In the listing below, the lines starting at the line with "ริบบิ้น โบว์ ป้ายชื่อ" and ending at the line with "Cove lighting introduces" are to be output verbatim. Images stay out of the copy.

━━ DATA FOR THIS TASK

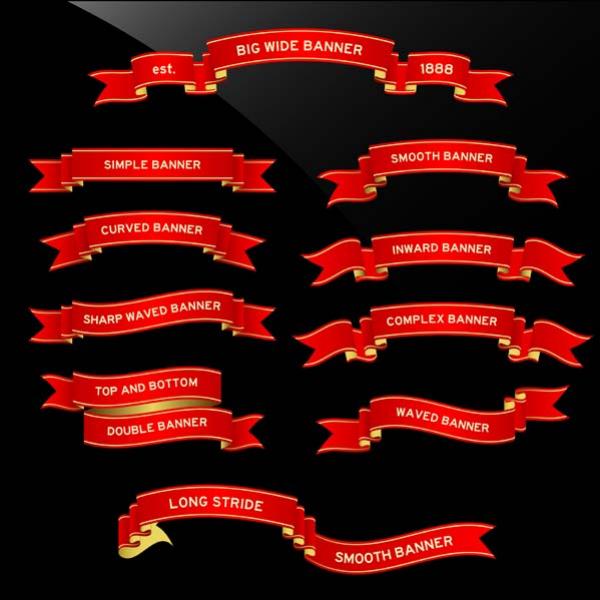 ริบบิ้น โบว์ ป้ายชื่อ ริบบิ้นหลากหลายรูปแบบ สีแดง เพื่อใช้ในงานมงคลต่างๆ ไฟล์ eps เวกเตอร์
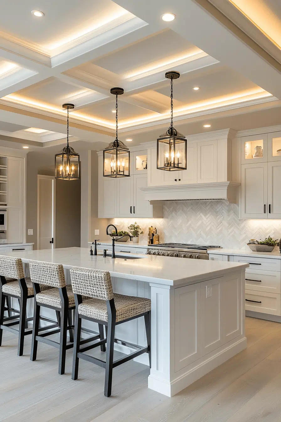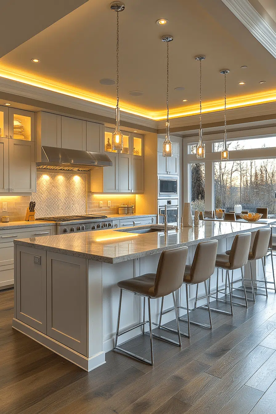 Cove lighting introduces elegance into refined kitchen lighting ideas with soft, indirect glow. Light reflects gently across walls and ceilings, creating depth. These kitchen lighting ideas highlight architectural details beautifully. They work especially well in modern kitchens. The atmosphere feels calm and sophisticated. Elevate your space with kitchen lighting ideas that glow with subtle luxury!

━━━━
━━ DATA FOR THIS TASK

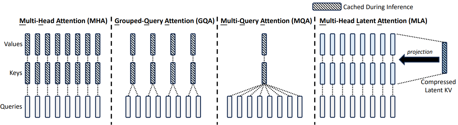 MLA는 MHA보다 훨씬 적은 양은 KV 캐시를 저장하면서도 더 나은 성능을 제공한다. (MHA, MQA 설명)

━━━━

-- RESULT --
 ริบบิ้น โบว์ ป้ายชื่อ ริบบิ้นหลากหลายรูปแบบ สีแดง เพื่อใช้ในงานมงคลต่างๆ ไฟล์ eps เวกเตอร์
 Cove lighting introduces elegance into refined kitchen lighting ideas with soft, indirect glow. Light reflects gently across walls and ceilings, creating depth. These kitchen lighting ideas highlight architectural details beautifully. They work especially well in modern kitchens. The atmosphere feels calm and sophisticated. Elevate your space with kitchen lighting ideas that glow with subtle luxury!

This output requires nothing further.